FIG. 4 is a sectional view of a valve case and a valve body showing a second fuel metering section (Example).

FIG. 5 is a sectional view of a main part of a second fuel metering section (embodiment);

FIG. 6 is an explanatory diagram of a cutting state of a shoulder surface of a flange portion (Example).

FIG. 7 is a cross-sectional view showing a main part of a fuel injection valve (prior art).

[Explanation of symbols]

 DESCRIPTION OF SYMBOLS 1 Fuel injection valve 7 Valve case 8 Valve body 10 Injection port 12 Valve seat 19 Contact part 21 Flange part 21b Shoulder surface 23 Metering surface 24 Second fuel metering unit (fuel metering unit)

──────────────────────────────────────────────────続 き Continuation of front page (72) Inventor Yukihiro Sugiura 1-1-1 Showa-cho, Kariya-shi, Aichi Japan Inside Denso Co., Ltd. (56) References JP-A-59-20562 (JP, A) (58) Investigated Field (Int.Cl. ⁷ , DB name) F02M 39/00-71/04

Claims (1)

(57) [Claims] A valve case provided with an injection port for injecting fuel, a valve seat connected to the injection port, and a contact portion capable of contacting the valve seat; A valve body for stopping injection of fuel from the injection port by contacting the portion, and injecting from the injection port between the valve case and an annular flange provided on the valve body.

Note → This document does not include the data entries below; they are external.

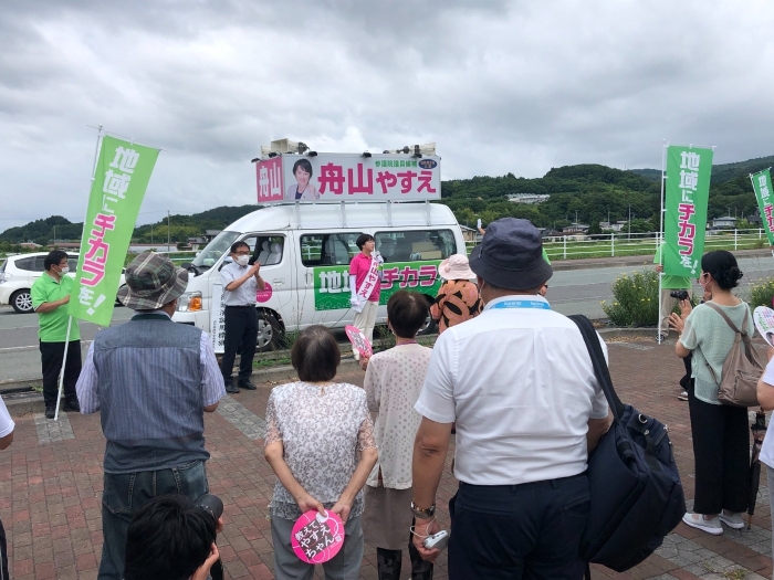 7/9(土)午前 山形市蔵王地区ぐっと山形での舟山やすえ街頭演説❗こちらでも、たくさんの皆さんが詰めかけて下さいました。
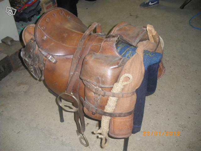 Déconnecté | En voici une qui est complète : Lien ![]() ![]() SELLE D'ARME DATEE 1920 COMPRENANT UN TAPIS DE SELLE DATEE 1907,UNE PAIRE DE FONTE,UN SAC A AVOINE,UNE CORDELETTE,DES PIQUETS DE TENTE,UNE POCHE A FER |
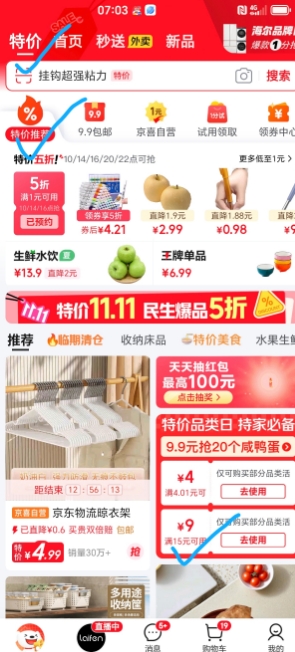 1、京东-特价-特价推荐 -领4券下面的那个15-9券
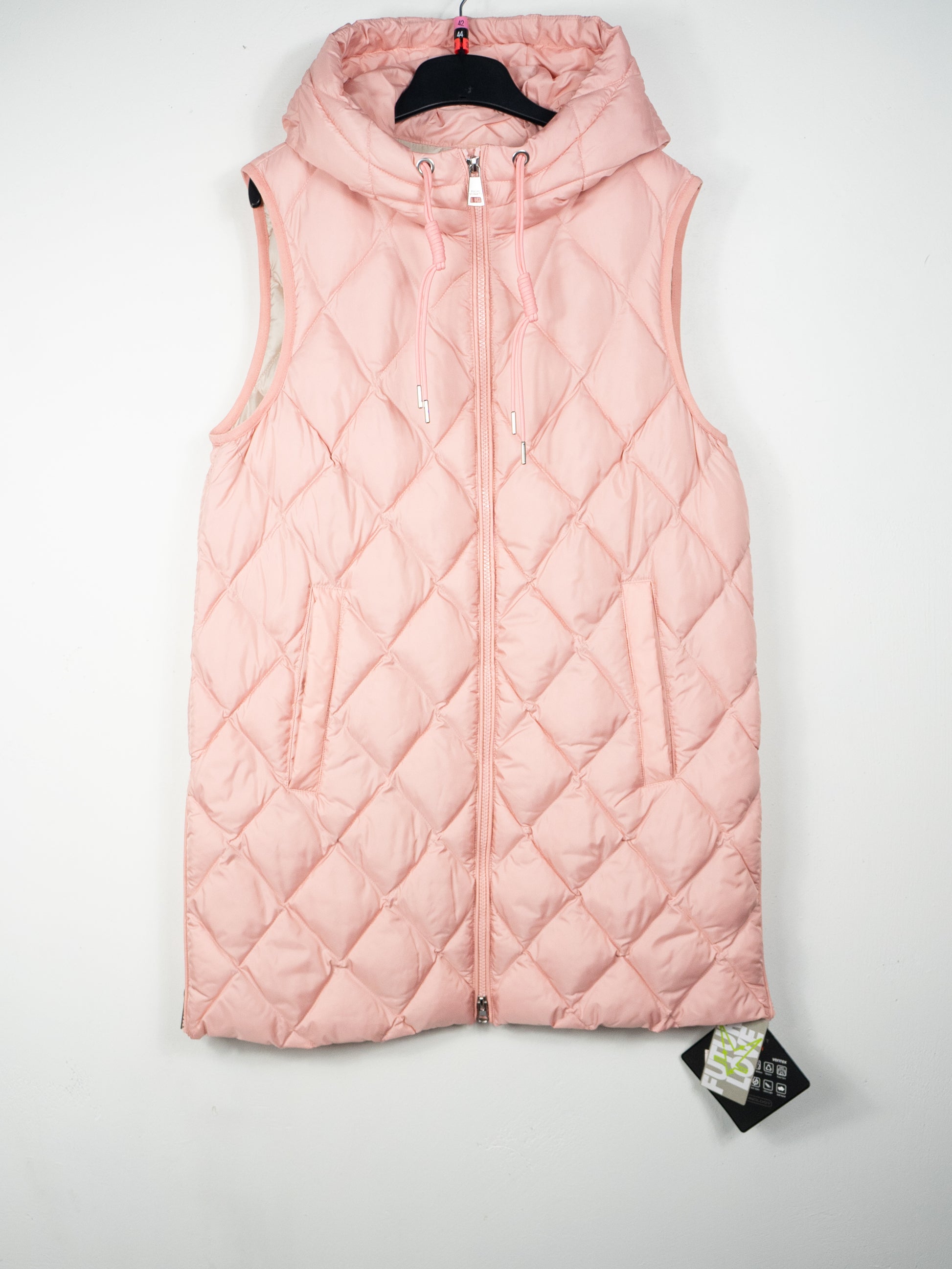 Viegla, rozā, vidēja garuma veste ar pildījumu, kapuci, savelkamu augšdaļu, ar kabatām iekšpusē un ārpusē. Veste pildīta ar solarball tehniku, kas sasilda no saules stariem. Tā ātri žūst, ir antistatiska, mīksta, viegli kopjama.
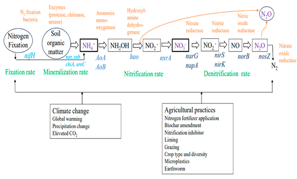The acceleration of the global nitrogen cycle and increase of nitrogen oxide emissions of N2O (nitrous oxide) and NO (nitrogen oxide) from fertilized soil, contributes to global warming, ozone depletion, and groundwater contamination. The “hole in the pipe” model was conceptualized by Firestone and Davidson (6), it explains the flow of Nitrogen and N2O emission increased with synthetic fertilizer application rate. High temperature, low soil water, soil compaction, poor drainage and low oxygen levels all resulted in high N2O emission. Furthermore, N2O
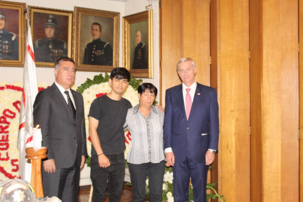 Posteriormente, ingreso al cuartel donde entregó sus sentidas condolencias y palabras de consuelo a la viuda, hijo y madre de Paul Valenzuela. Además, al conformar la Guardia de Honor cerca del féretro del 50° Mártir de la Institución, solicitó a Matías, hijo del fallecido “sextino”, que compartiera el homenaje a quien fuera su padre junto al Superintendente del CBS; el Comandante, Giorgio Tromben Marcone, y el Alcalde de Santiago, Mafrio Desbordes Jiménez,
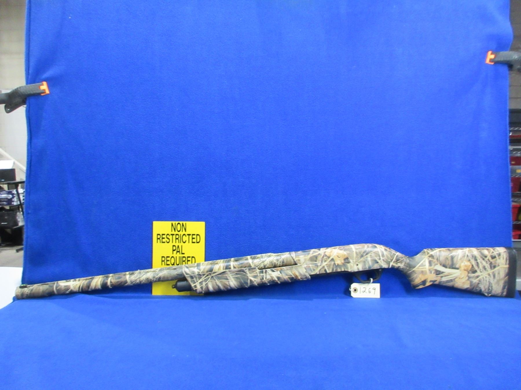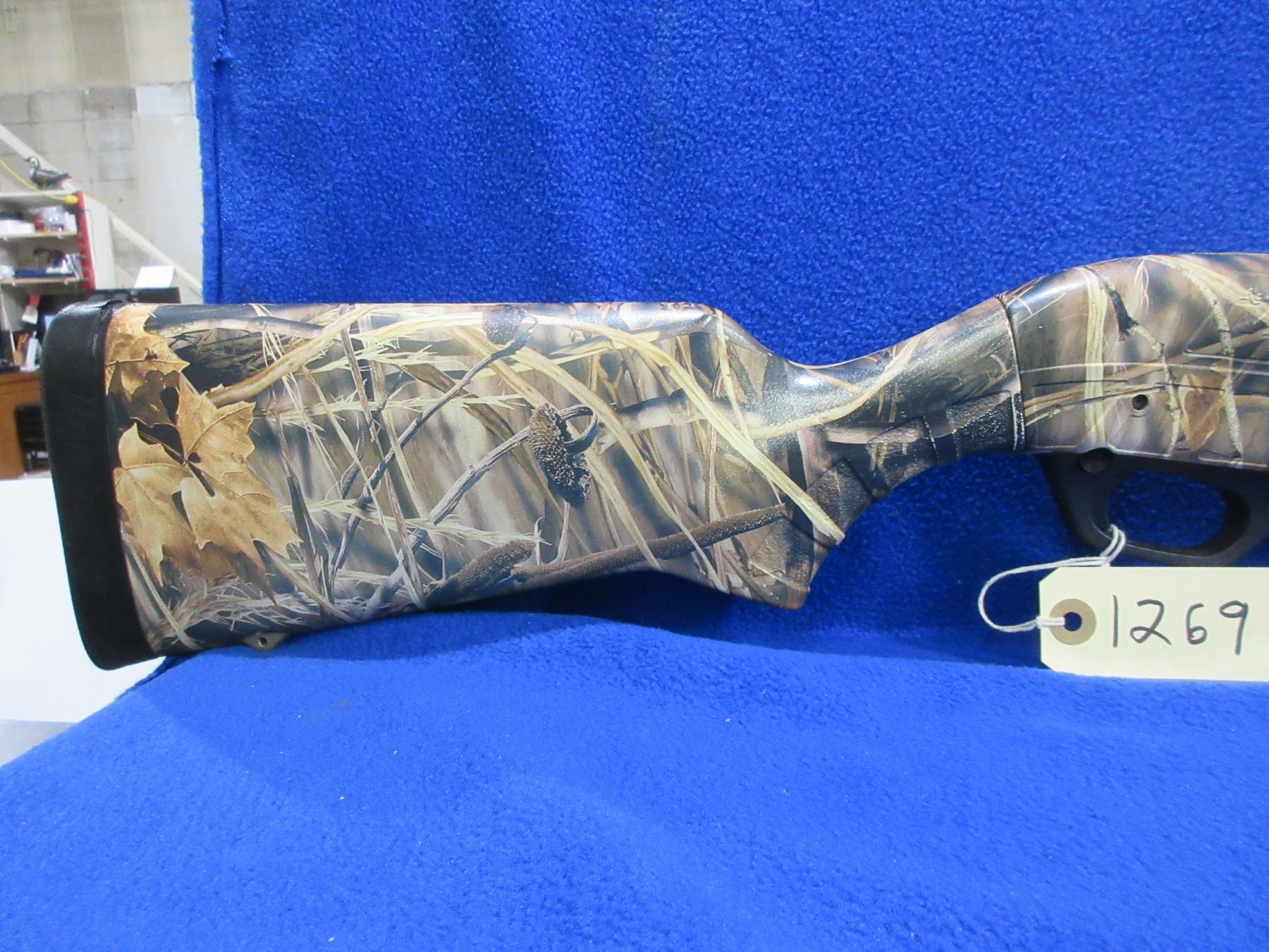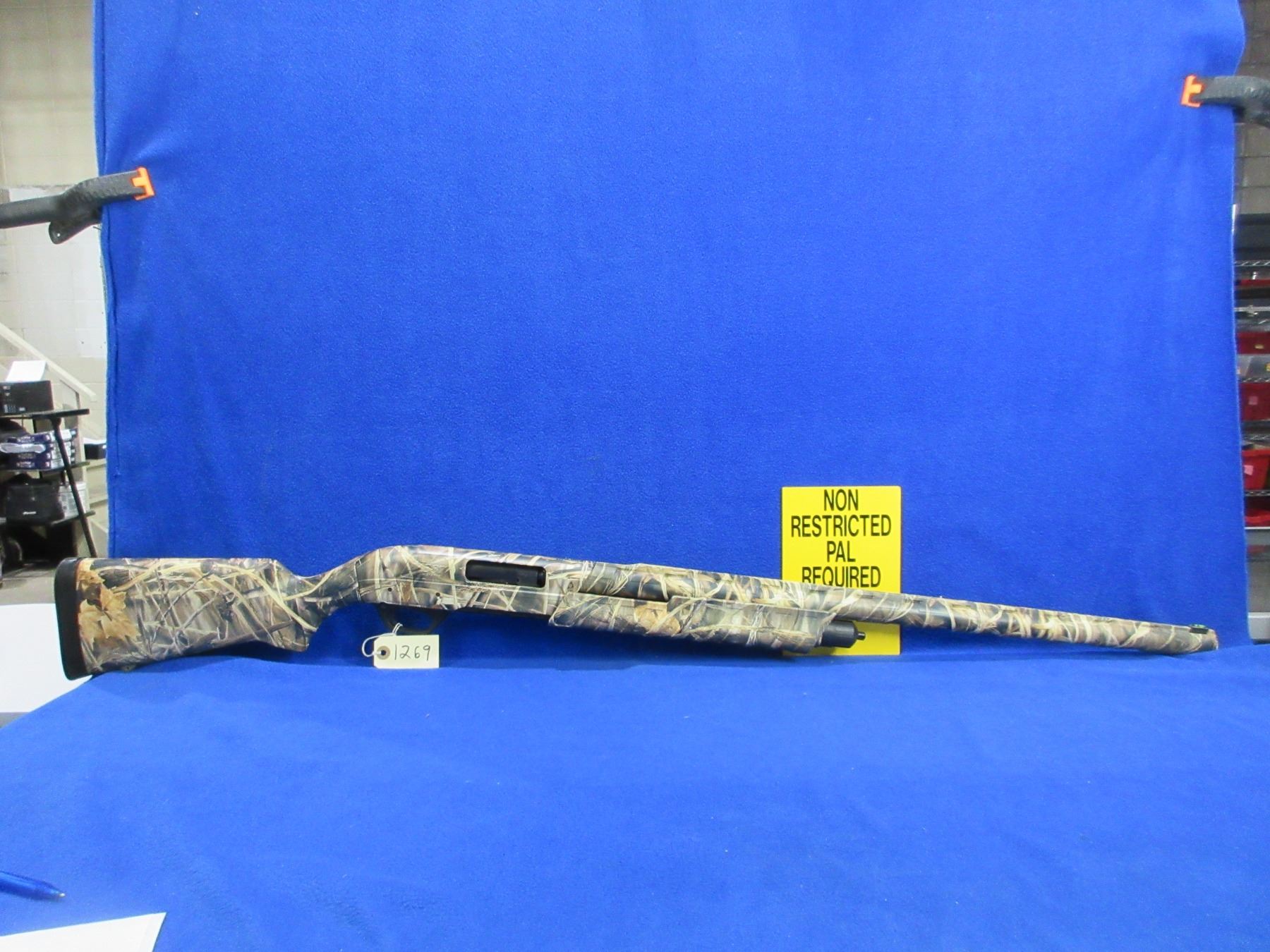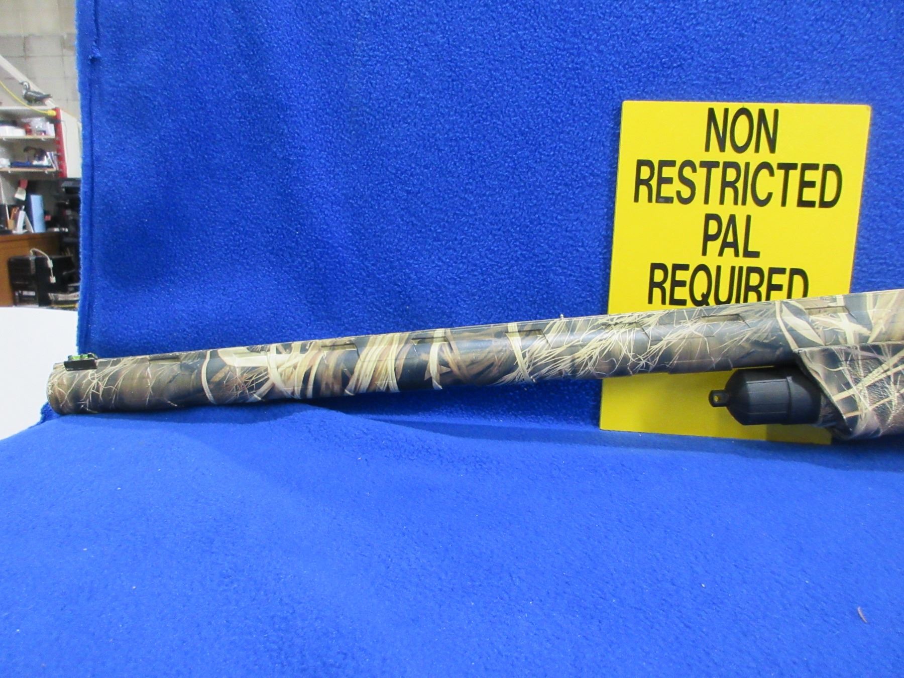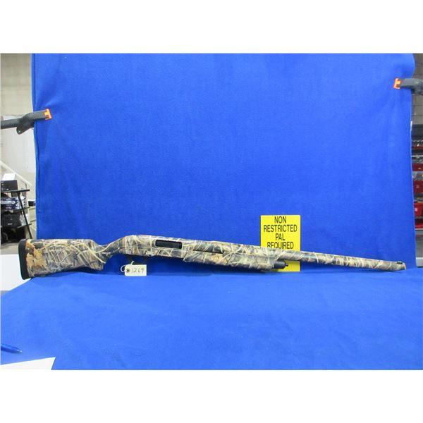 Non-Restricted - Remington Model M887 in 12 Ga. 3 1/2" - This is a pump action shotgun with tube magazine and removable choke, action appears to be in very good working order. Barrel is 28", bore is very good, bluing is very good, has fiber optic front sight, synthetic camo stock and forearm are very good, length of pull is 13 3/4", rubber recoil pad very good, very good camo pattern (do not lay on the ground in autumn). Ser # AAE059665
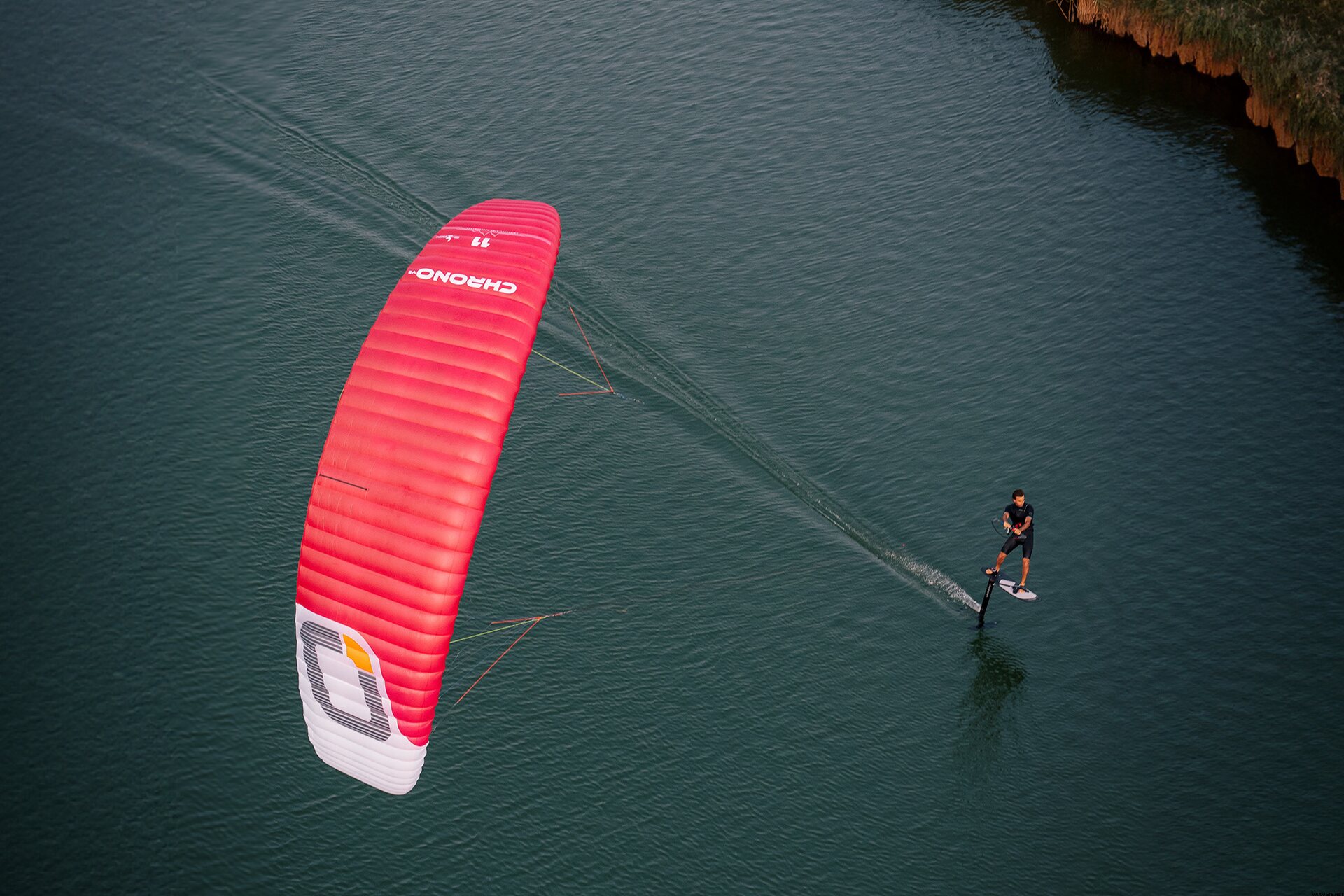 When riding a hydrofoil, the Chrono V5 feels like you have your hands on the wheel of a high-performance sports car; the harder you push, the more it delivers. Whether carving sharp angles upwind or streaking off downwind at high speed, the kite offers remarkable acceleration and agility.
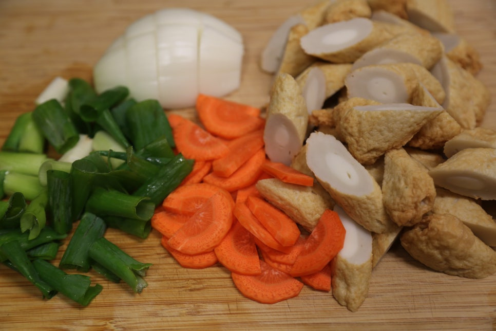 봉어묵(10cm) 10개, 양파 1/2개, 당근 1/4개, 대파 1대
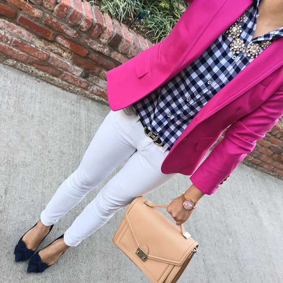 A fancier look paired with a button-down, a blazer, a statement necklace, and heels. The white lays down a great base for other pops of color to come through and can obviously be dressed up to fit a fancier vibe.
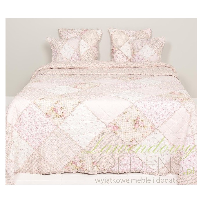 Przepiękna i delikatna narzuta na łóżko w kolorze bieli i różu cudownie rozświetli wnętrze twojego pokoju. Narzuta patchworkowa stworzona została z dużych, równej wielkości kwadratów o różnych wzorach, w których widoczny jest mocny akcent kwiatowy. Narzuty na łóżko fenomenalnie wyglądają w połączeniu z poduszkami. Polecamy!
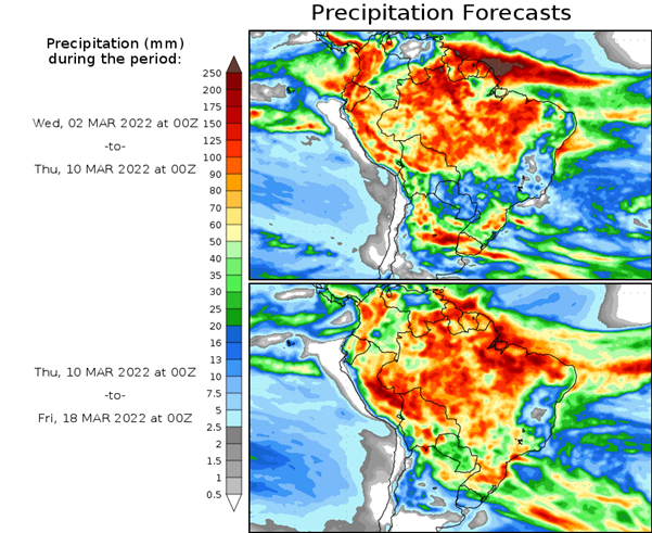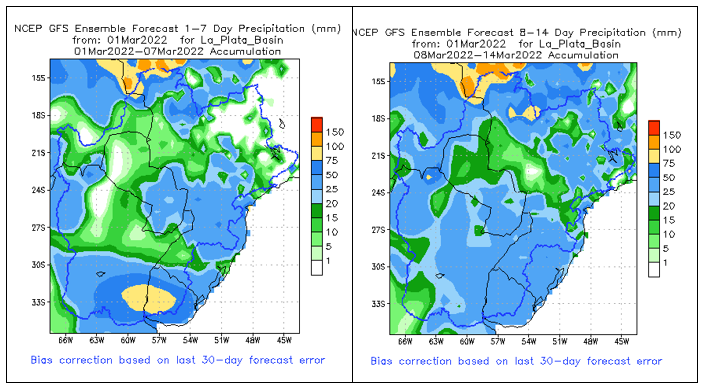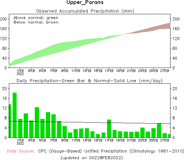 El pronóstico Hidrometeorológico del Centro Climático de referencia indica una tendencia semanal de poca significancia hidrológica en la cuenca de interés para la CHY con dispersión geográfica según sea la fuente consultada. (Ver gráfico Nro. 1).
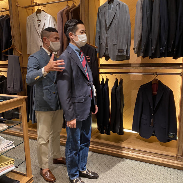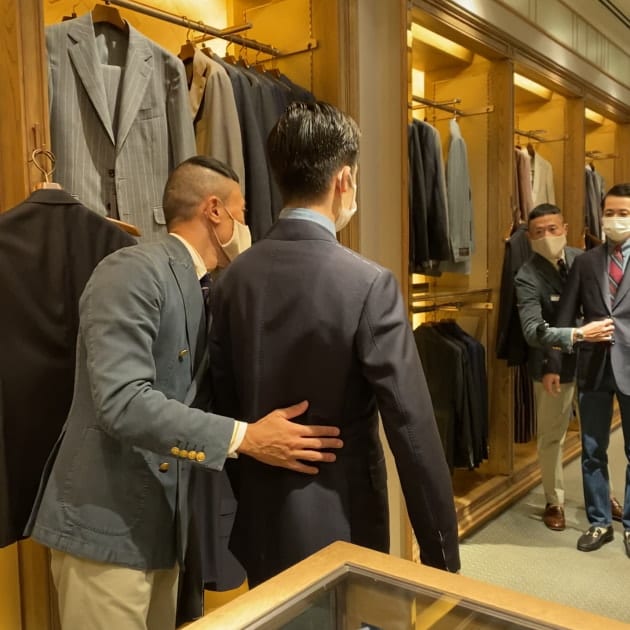 先日も、ドレスフロアでベテランスタッフ村上による指導を受けていました。期待の新人である彼が、今後どのようなスタイルを確立するのか楽しみですね。
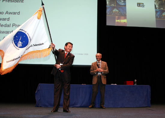 IAF 짐머만 회장으로부터 대회기를 인수받은 박성효시장과 백성열 항우연원장은 ‘IAC 2009 대전대회’의 성공적인 개최를 대내외에 약속했다.
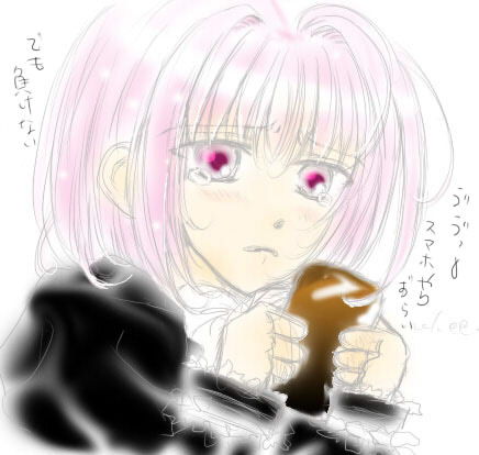 おまけです。書く前にこんなイメージかなと描いてました。後日談になっていて、応募したはいいがスマホで落選を知って半泣きの図です、でも片手には次回作の資料が………。(どうしても萌え絵にならない………)
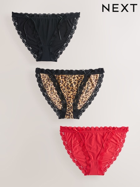Black/Animal/Red Tanga Microfibre And Lace Knickers 3 Pack

In the method for manufacturing a fuel injection valve including a fuel metering unit that adjusts a fuel injection amount to be performed, the flange portion includes, at least on a part of an outer periphery, a metering surface that is inclined with respect to an axial direction of the valve body. wherein the valve body is rotated around the axis, cutting the shoulder surface of the collar portion
In this way, the passage area of the fuel metering section can be increased.
And a method for manufacturing a fuel injection valve.